# Falco bows



## steve morley (Dec 24, 2005)

Falco bows is one of the best value for money bows available, they're good price and even the starter bows shoot very well.

The Trophy model is the best of the bunch,they also make a very short version Storm designed for a Horse Archer I hear it makes a good hunting bow also.

http://www.falco.ee/


----------



## OCLhunter90 (Aug 6, 2008)

Thanks. I believe the storm is too short for my draw length. Do you know what makes the Trophy Vintage better than the Force Vintage?


----------



## Brianlocal3 (Dec 14, 2011)

I did not think we could get them in the states. Cool if we can. I shot one while in Germany


----------



## steve morley (Dec 24, 2005)

Brianlocal3 said:


> I did not think we could get them in the states. Cool if we can. I shot one while in Germany


Siim exports well over 2000 bows a year and know he visits trade shows in USA so he may have a dealer in the USA, send him an e-mail or call to find out.

Trophy Vintage seems his best seller with tourney shooters, I've tried it and it's very good.


----------



## Pikkuhannu (Apr 3, 2009)

OCLhunter90 said:


> Thanks. I believe the storm is too short for my draw length. Do you know what makes the Trophy Vintage better than the Force Vintage?


Force have carbon as standard? 
I have carbon Trophy, very good bow.


----------



## steve morley (Dec 24, 2005)

Pikkuhannu said:


> Force have carbon as standard?
> I have carbon Trophy, very good bow.


Pikkuhannu didn't Siim design/make the Storm specailly for you? It so please share the story with us. :thumbs_up


----------



## Pikkuhannu (Apr 3, 2009)

steve morley said:


> Pikkuhannu didn't Siim design/make the Storm specailly for you? It so please share the story with us. :thumbs_up


Well i ask him to make special Storm, it would be without sight window, i will shoot also with thumbring.

Better ask my friend Marko Suhonen, you find him on youtube as Trophybow, he is test shooter of Falco bows.


----------



## OakKing (Apr 14, 2012)

Brianlocal3 said:


> I did not think we could get them in the states. Cool if we can. I shot one while in Germany


These look like really nice bows. I'm interested.. found this too.
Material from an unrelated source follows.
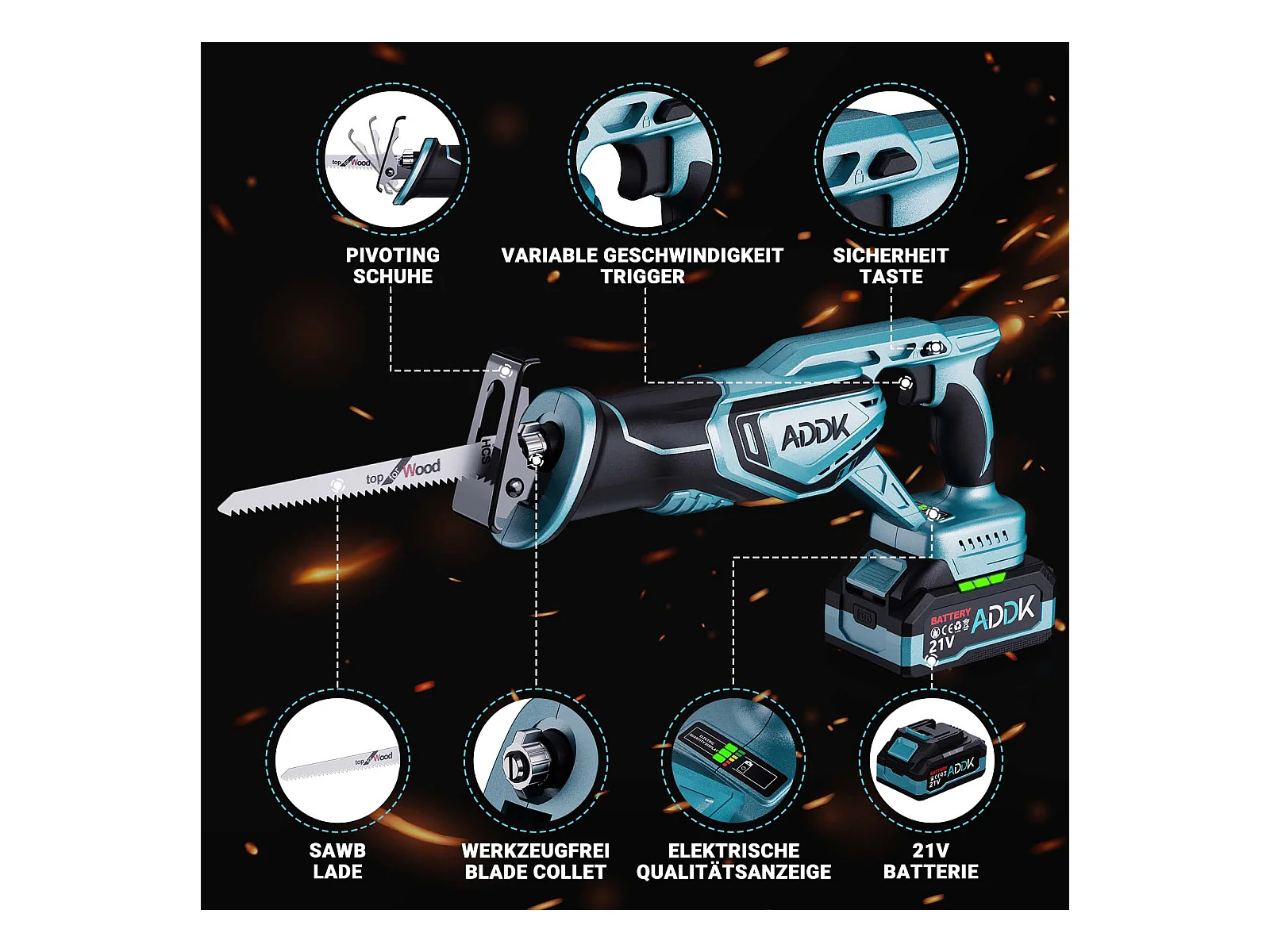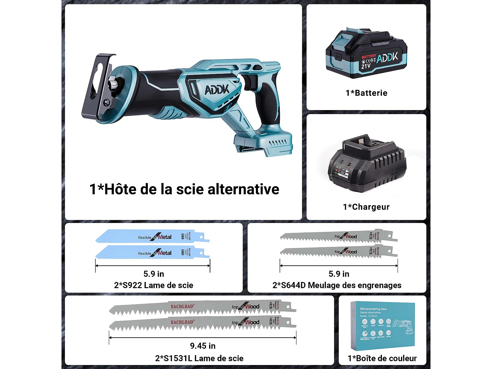 Scie alternative sans fil, sans balais, avec batterie 21 V 4,0 Ah, 0 à 3 300 tr-min, course alternative jusqu'à 28 mm

Dealer in the US:

*BOWIE OUTFITTERS*
8630 Perkins Road
Baton Rouge, LA 70810
ph: +1 225 766 1200
www.bowieoutfitters.com
[email protected]


----------



## OakKing (Apr 14, 2012)

I inquired to see if Bowie Outfitters are still a dealer here in the US.



> Darren,
> 
> Yes, we are still a dealer for Falco, as a matter of fact we are putting together an order as we speak, so if there is one you'd like please let us know.
> 
> ...


----------